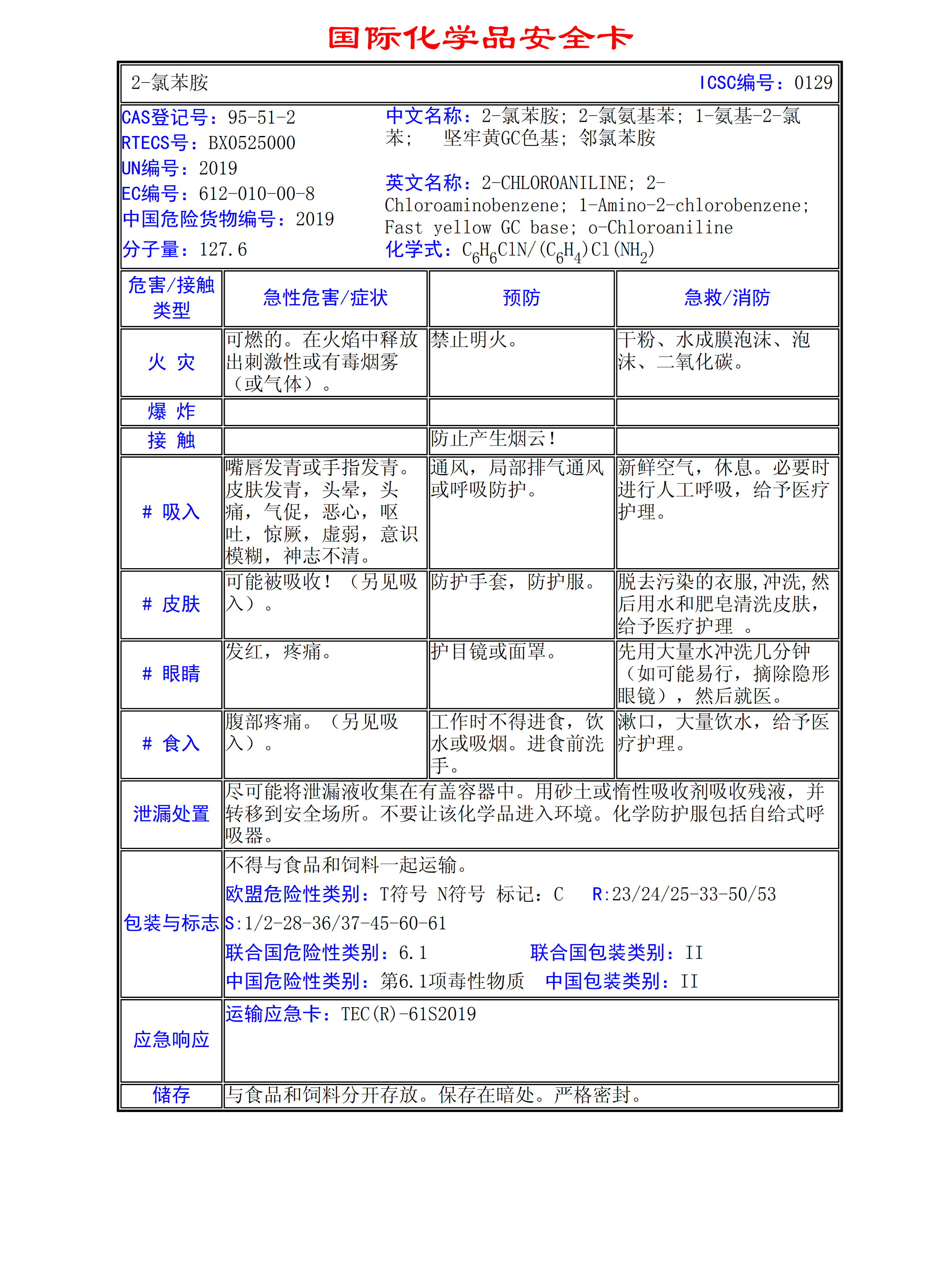 2-氯苯胺MSDS
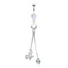 Een werkelijk fijne navelpiercing met lange kettingen en mooie motieven van transparante steentjes. Het hangertje is compleet in zijn ontwerp, beginnend met een kleine ring die gedecoreerd is met een hartje van transparante steentjes. Onder dit hartje zit een ring waar de twee lange ketting aan vast zitten, onafhankelijk van elkaar. De kettingen zitten niet samen en kunnen zicht dus vrij met de bewegingen van jouw lichaam mee bewegen.
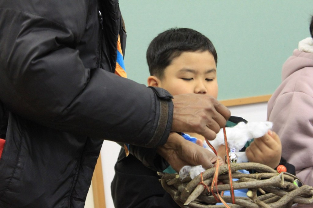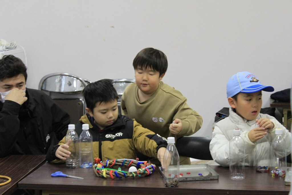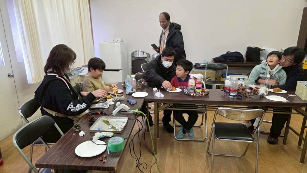12月14日、小雨の中「サンタも笑う!お楽しみ特訓会」を実施しました。集会前半(10:00〜11:30)は、クリスマス会発表に向けて、ペットボトルとビーズを使ったマラカス、紙皿やリースをベースにしたタンバリン作りを行いました。完成後、手作り楽器で「あわてんぼうのサンタクロース」の演奏練習を行い、リズム感を養いました。

### WHAT IS EXPECTED
All that the answer may contain is the exact text of the lines from the one with "Een werkelijk fijne" through the last line of the material, pictures excluded.

### FINAL ANSWER
 Een werkelijk fijne navelpiercing met lange kettingen en mooie motieven van transparante steentjes. Het hangertje is compleet in zijn ontwerp, beginnend met een kleine ring die gedecoreerd is met een hartje van transparante steentjes. Onder dit hartje zit een ring waar de twee lange ketting aan vast zitten, onafhankelijk van elkaar. De kettingen zitten niet samen en kunnen zicht dus vrij met de bewegingen van jouw lichaam mee bewegen.
12月14日、小雨の中「サンタも笑う!お楽しみ特訓会」を実施しました。集会前半(10:00〜11:30)は、クリスマス会発表に向けて、ペットボトルとビーズを使ったマラカス、紙皿やリースをベースにしたタンバリン作りを行いました。完成後、手作り楽器で「あわてんぼうのサンタクロース」の演奏練習を行い、リズム感を養いました。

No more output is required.